The answer is the exact run of lines in the listing below from the line containing "- ↑ Przechowywanych" up to and including the line containing "依據(jù)變壓器的圈比關(guān)系", with pictures removed.

___ Data provided

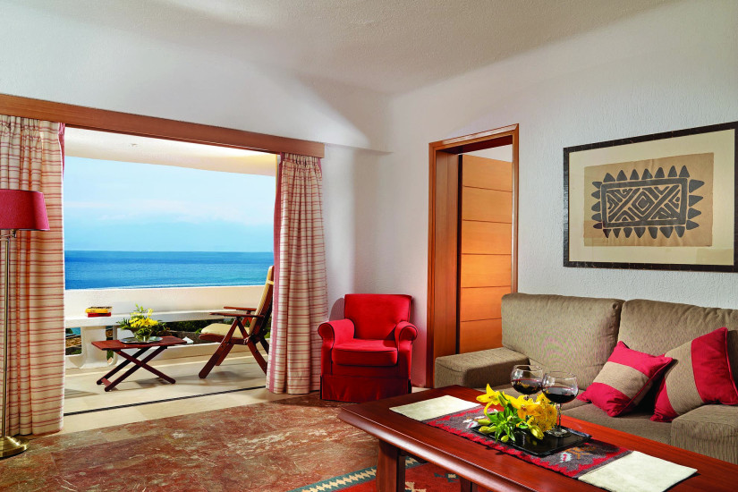 - 300 м2 + внешнее пространство 200 м2. Роскошная двухуровневая вилла состоит из четырех спален, в каждой своя ванная комната и гардеробная, тренажерного зала, большой гостиной с обеденной зоной с кухонным уголком с выходом в собственных сад с частным бассейном с подогревом и приватным выходом на частный отельный песчаный пляж. Вилла через сад может соединяться с 1-bedroom Minoan Royalty Suite с частным бассейном с подогревом. Объединившись номера создают самый большой люкс комплекс на пляже.
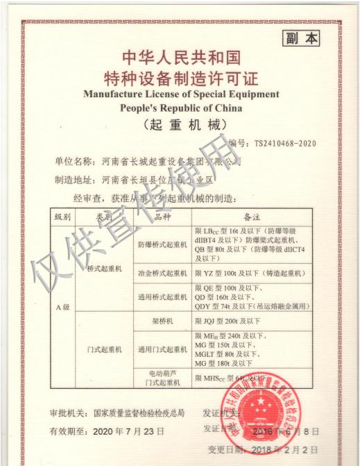 版權所有 Copyright @   河南省長城起重設備集團有限公司  All Rights Reserved.
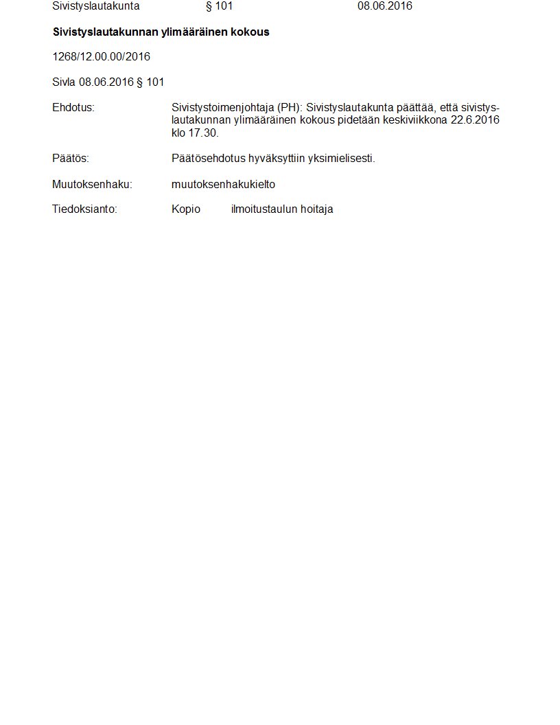 Pöytäkirja 08.06.2016 Pykälä 101
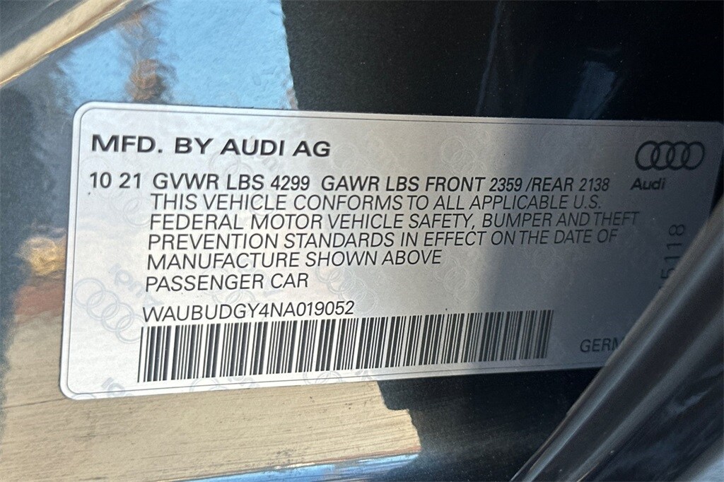 18" Wheel Package, Adaptive Cruise Assist w/Lane Guidance, Audi Phone Box Light w/Wireless Charging Pad, Black Exterior Trim, Black Optic Sport Package, Convenience Package, Garage Door Opener (HomeLink), LED Headlights w/DRL Signature, Premium Plus Package, Sport Suspension (-15 mm), Wheels: 18" 5-Y-Spoke Design.
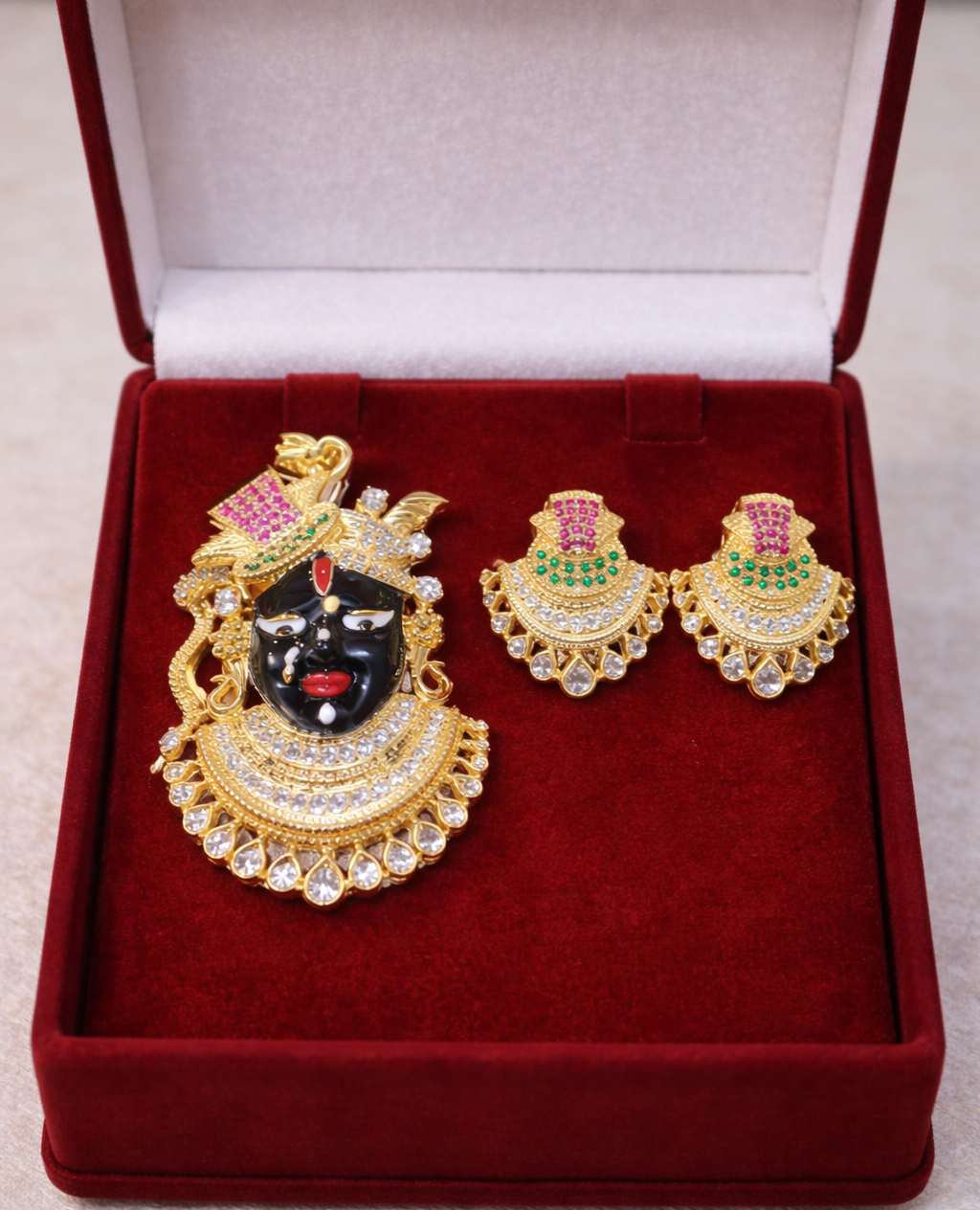 Shri Krishna Gold Diamond Designer Pendant Set.
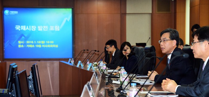 (서울=포커스뉴스) 송언석 기획재정부 차관이 18일 서울시 영등포구 여의도 한국거래소에서 열린 국채시장 발전 포럼에 참석해 모두 발언을 하고 있다. <사진제공=기획재정부>
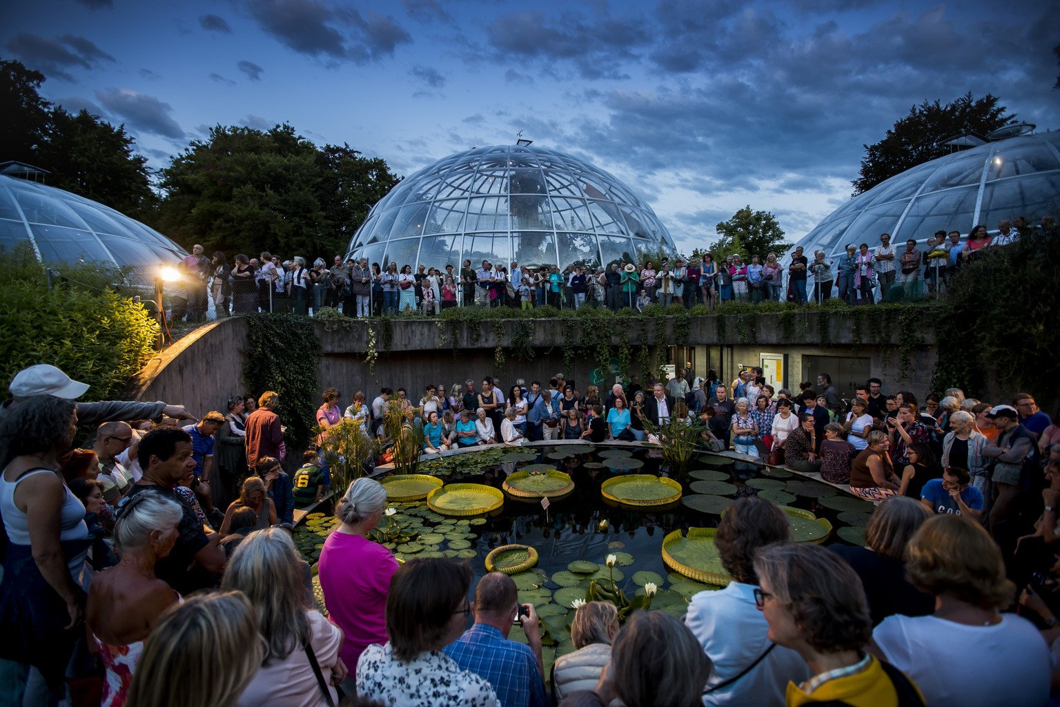 Diese Leute warten darauf, dass dice Riesenseerose erblüht. Bild: KEYSTONE
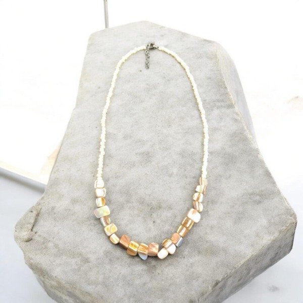 Collar nácar y mostacillas (con cadenita extensora). Diseño original. Hecho a mano.
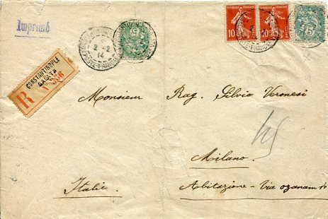 French Levant: 1914 (2 February). Registered cover to Italy franked with two 5c and two 10c French stamps tied by CONSTANTINOPLE-GALATA * POSTE FRANCH.SE datestamps. Reverse 6 February Milano arrival cds’s. Cover flaps repaired.
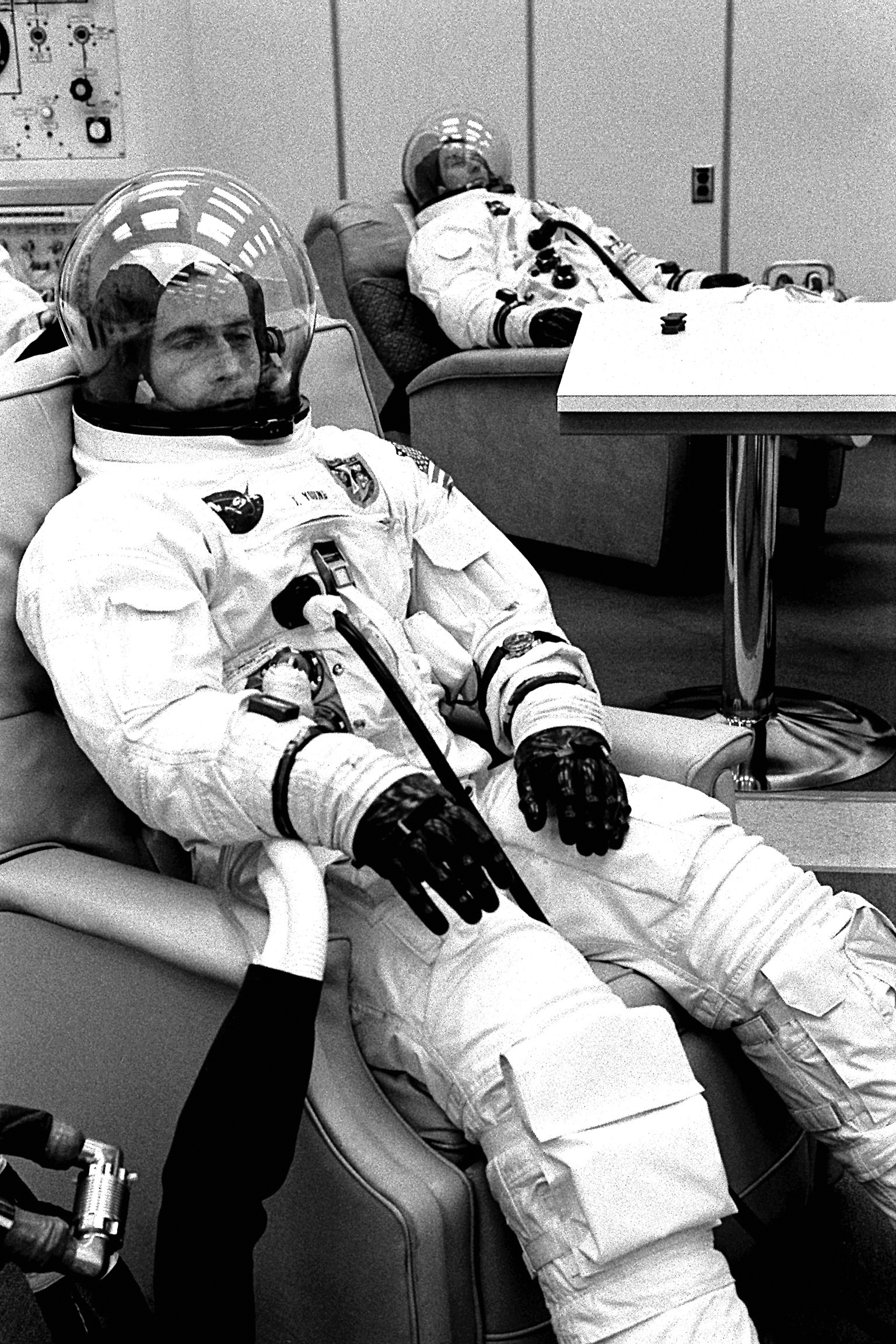 John Young sitting in comfortable reclining chair in the suiting up room at KSC.
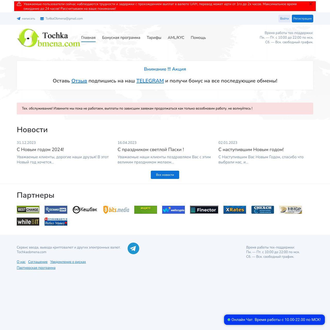 Информация от администратора обменника
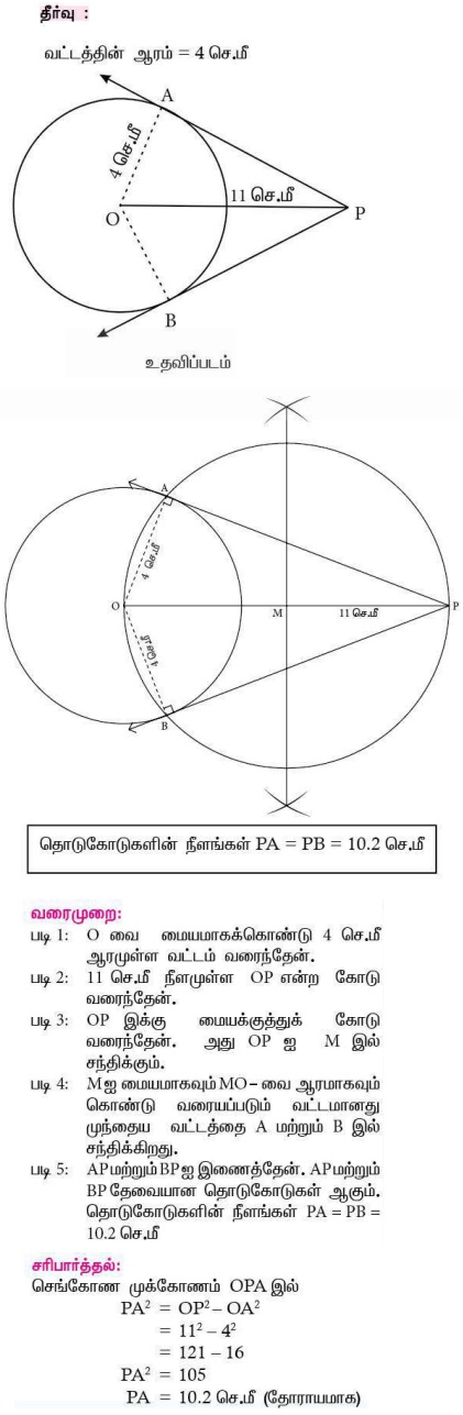 14. 4 செ.மீ ஆரமுள்ள வட்டம் வரைந்து அதன் மையத்திலிருந்து 11 செ.மீ தொலைவிலுள்ள ஒரு புள்ளியைக் குறித்து, அப்புள்ளியிலிருந்து வட்டத்திற்கு இரண்டு தொடுகோடுகள் வரைக.
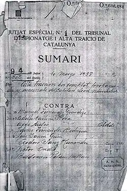 - ↑ Przechowywanych w zespole Jutjat Especiál No 1. del Tribunal D’Espionatge i Alta Traició de Catalunya.
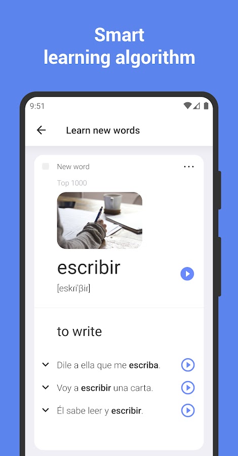 • Примеры употребления слов и умный алгоритм делают наш самоучитель испанского языка максимально эффективным. Запоминание слов происходит быстро и надолго.
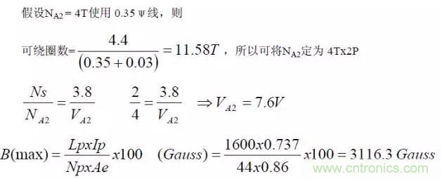 依據(jù)變壓器的圈比關(guān)系,可決定輔助電源的圈數(shù)及電壓。
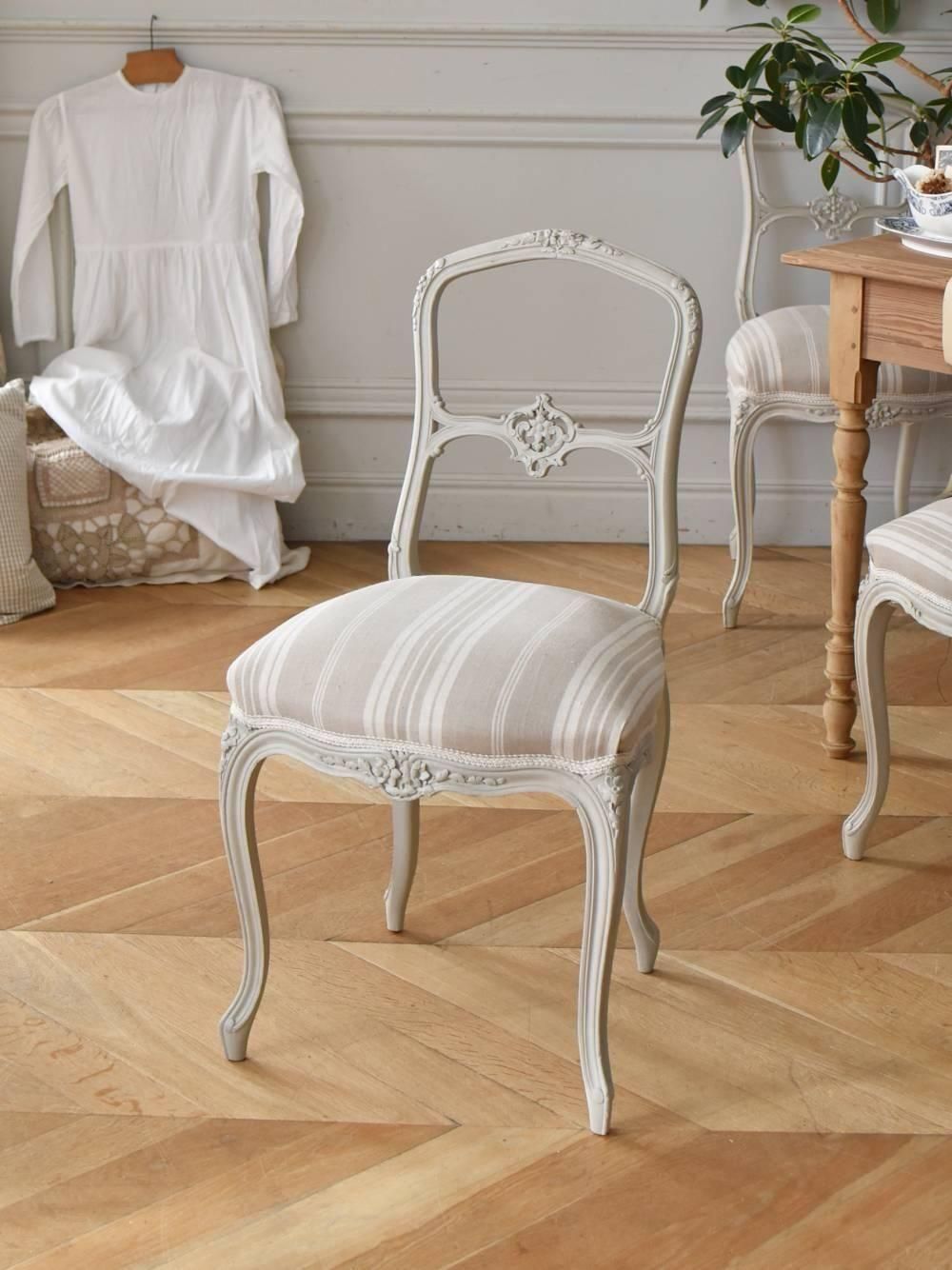 フレームは一度バラして組み直しを行っています。座面はアンティークファブリックを使用して新しく張り直し、中もウレタンに交換しているので程よい柔らかすぎない座り心地です。それぞれでの販売となりますが、同じデザインのアンティークチェア.があります。 W 約44cm
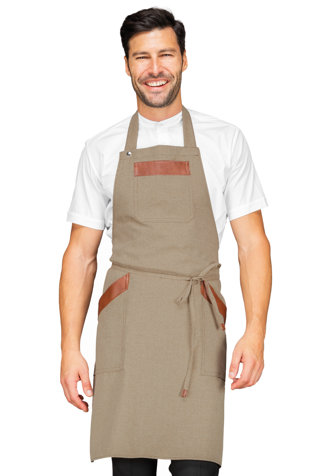 Grembiule Oregon , lungo Unisex nero. Ideale come divisa da lavoro per cantine, bar, enoteche e bistrot. Con allacciatura dietro al collo che ne permette la regolazione della pettorina. Con tasca ampia al petto, 2 ampie tasche in vita e con inserti in pelle.
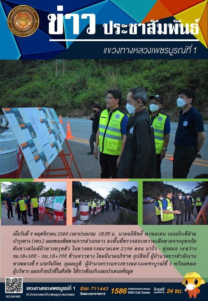 วันที่ 4 พฤศจิกายน 2564 เวลาประมาณ 18.00 น. นายอภิสิทธิ์ พรหมเสน รองอธิบดีฝ่ายบำรุงทาง (รทร.) และคณะติดตามจากส่วนกลาง ลงพื้นที่ตรวจสอบความเสียหายจากอุทกภัยคันทางสไลด์ผิวทางทรุดตัว ในทางหลวงหมายเลข 2196 ตอน นางั่ว - ทุ่งสมอ ระหว่าง กม.18+500 - กม.18+700 ด้านขวาทาง โดยมีนายอภิชาต อุปสิทธิ์ ผู้อำนวยการสำนักงานทางหลวงที่ 6 นายวันปิยะ ภุมมะภูติ ผู้อำนวยการแขวงทางหลวงเพชรบูรณ์ที่ 1 พร้อมคณะผู้บริหาร และเจ้าหน้าที่ในสังกัด ให้การต้อนรับและนำเสนอข้อมูล
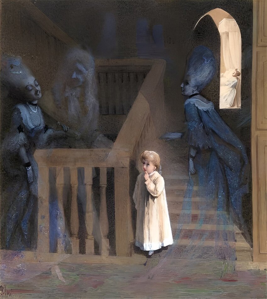 Иллюстрация "Вечеринка на лестнице", художник Аделаида Клэкстон
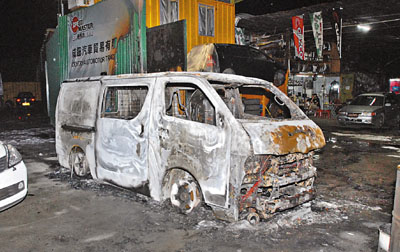 八鄉高埔村一個車場,昨凌晨發生縱火燒車案。一部日前在牛頭角報失客貨車,遭人縱火焚燒。由於現場空曠、風力猛烈,火勢迅速蔓延,結果殃及不遠處一間車房的貨櫃寫字樓及一部正在維修中貨車,東主損失慘重。警方初步調查,不排除案件涉及「標車參」不遂「撕票」,成為3日內第2宗同類縱火案。

______

◆ Exercise answer
 - ↑ Przechowywanych w zespole Jutjat Especiál No 1. del Tribunal D’Espionatge i Alta Traició de Catalunya.
 • Примеры употребления слов и умный алгоритм делают наш самоучитель испанского языка максимально эффективным. Запоминание слов происходит быстро и надолго.
 依據(jù)變壓器的圈比關(guān)系,可決定輔助電源的圈數(shù)及電壓。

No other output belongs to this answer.